Label preperation

System structure file

To train a DeePKS model, users must provide the structures of the interested system(s). Structures can be obtained either from a short AIMD run or by adding structural perturbations on top of an optimized geometry. The structures of the system can be provided via three formats as follows

  • (recommended) grouped into atom.npy

    The shape of atom.npy file is [nframes, natoms, 4]:
    • nframes refers to the number of frames (structures) of the interested system;

    • natoms refers to the number of atoms of the interested system, e.g., for single water system, natoms = 3;

    • the last dimension 4 corresponds to the nuclear charge of the given atom and its xyz coordinates (either in Cartesian form or in fractional form, which needs to be specified with keyword coord_type in scf_abacus.yaml).

Note

If coordinates saved in atom.npy are in unit of Bohr, then lattice_constant should be set to 1 in scf_abacus.yaml. If coordinates saved in atom.npy are in unit of Angstrom, then lattice_constant should be set to 1.8897259886 in scf_abacus.yaml. If fractional coordinates are used, lattice_constant also needs to be set accordingly.
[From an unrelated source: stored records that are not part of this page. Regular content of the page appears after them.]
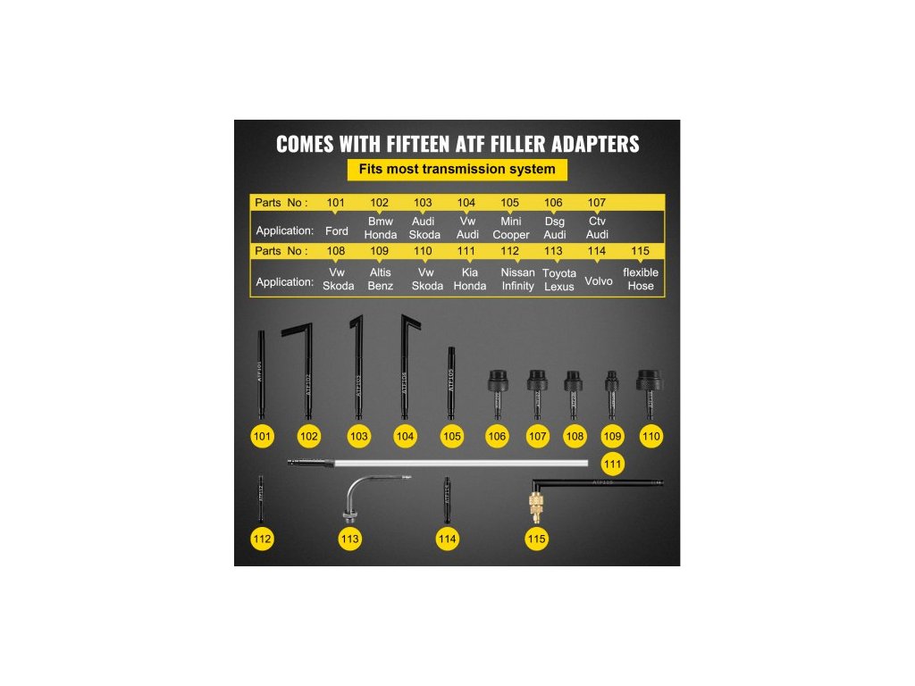 Dávkovač manuálního plnění převodové kapaliny , odvzdušňovač oleje a kapaliny, velkoobjemový 7,5 litr, sada nářadí pro čerpadlo převodové kapaliny s 15dílnými adaptéry pro plnění ATF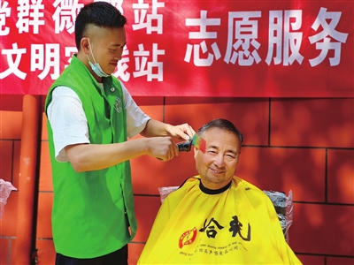 当天上午,空巢老人张大爷和老邻居结伴来到电镀巷口的网格党群微帮站。大家先在“集福墙”写下自己的微心愿和微祝福,接着体验爱心理发。两位理发志愿者询问居民对发型的要求后,开始熟练地理发。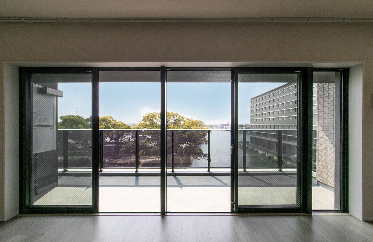 各居室も外とのつながりを意識して、ワイドリビングを基本とし、開放感のあるサッシや立ち上がりのないキッチンを採用して、開放感を持たせています。最上階はウッドデッキを敷いたルーフバルコニーを計画しているタイプもあり、リビングダイニングとバルコニーの床面の高さを一緒にして、中と一体として使えるようにしました。どの部屋のバルコニーからもお濠が見え、上階からは佐賀城内が一望できます。下の階は目の前に緑と水面が広がっていて、個人的にもとても好きな景色です。お濠は春の桜や秋の紅葉など四季によっても見える景色が変わってきます。お堀に映える夏の青々とした緑はお客様から好評いただきました。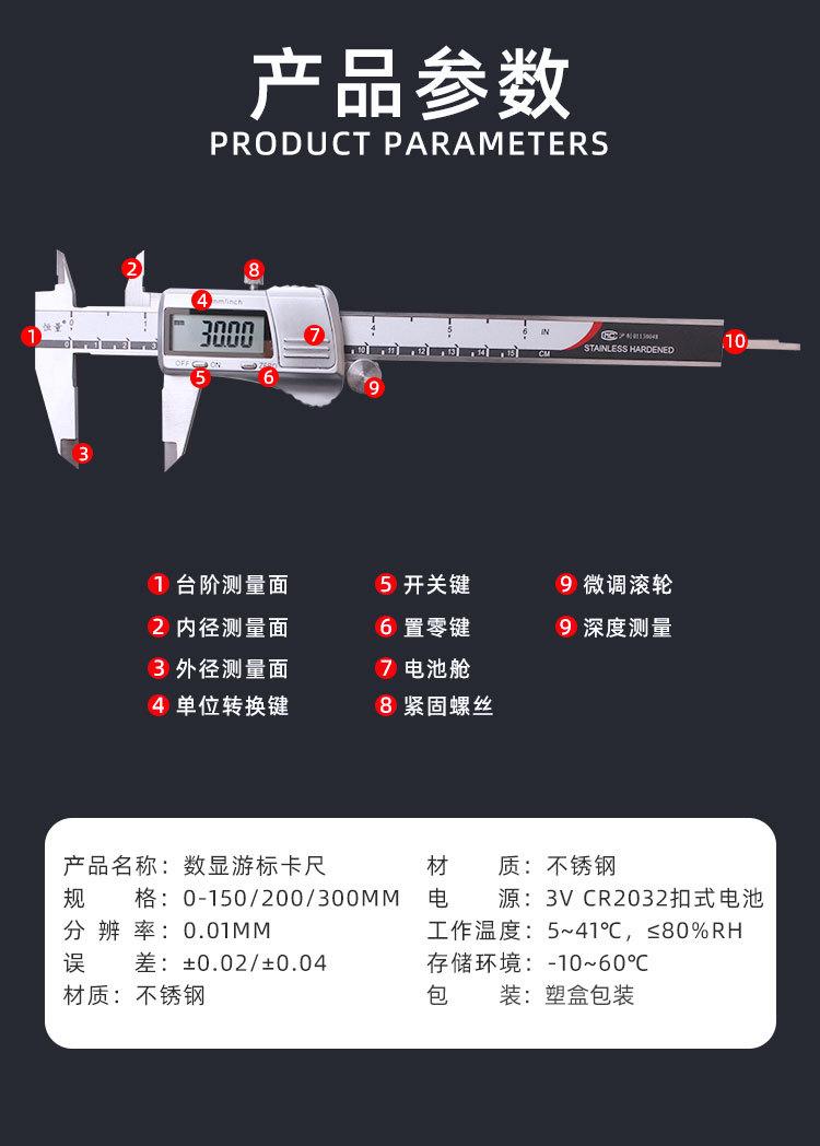 Compra Calibrador vernier con pantalla digital electrónica de acero inoxidable de grado industrial de alta precisión constante al por mayor en Joom.pro

See ABACUS documentation for more details.

  • grouped into coord.npy and type.raw

    coord.npy is very similar to atom.npy with the shape [nframes, natoms, 3]. The only difference is that the nuclear charge is not included in the last dimension, which is included in type.raw instead. Note that this format has not been fully tested for periodic systems.

  • single xyz

    Save the xyz coordinate of each frame as single xyz file, e.g., 0000.xyz, 0001.xyz,… Note that this format has not been fully tested for periodic systems.

It should be noted that if the lattice vectors of each frame are not the same, users should specify the lattice vector for each frame via box.npy, of which the shape is [nframe, 9]. If the prepared structures share the same lattice vector, then users may specify it as a keyword in input files. See scf_abacus.yaml for details.

Property labels

To train a DeePKS model, the target energy of the interested system is required, and its format should follow the format of the structure file. Additional properties can also be trained, including force, stress, and bandgap. Note that the bandgap label corresponds to the energy difference between the valence band and the conduction band for each k-point, and currently this label only works for semiconductors with even numbers of electrons. The formats of structure files (taking atom.npy as an example) and the corresponding formats of various property labels are summarized as follows:

Filename

Description

Shape

Unit

atom.npy

structural file, required

[nframes, natoms, 4]

Bohr or Angstrom or fractional

box.npy

lattice vector file, optional

[nframes, 9]

Bohr or Angstrom

energy.npy

energy label, required

[nframes,1]

Hartree

force.npy

force label, optional

[nframes, natoms, 3]

Hartree/Bohr

stress.npy

virial vector file, optional

[nframes, 9]

Hartree

orbital.npy

bandgap label, optional

[nframes,nkpt,1]

Hartree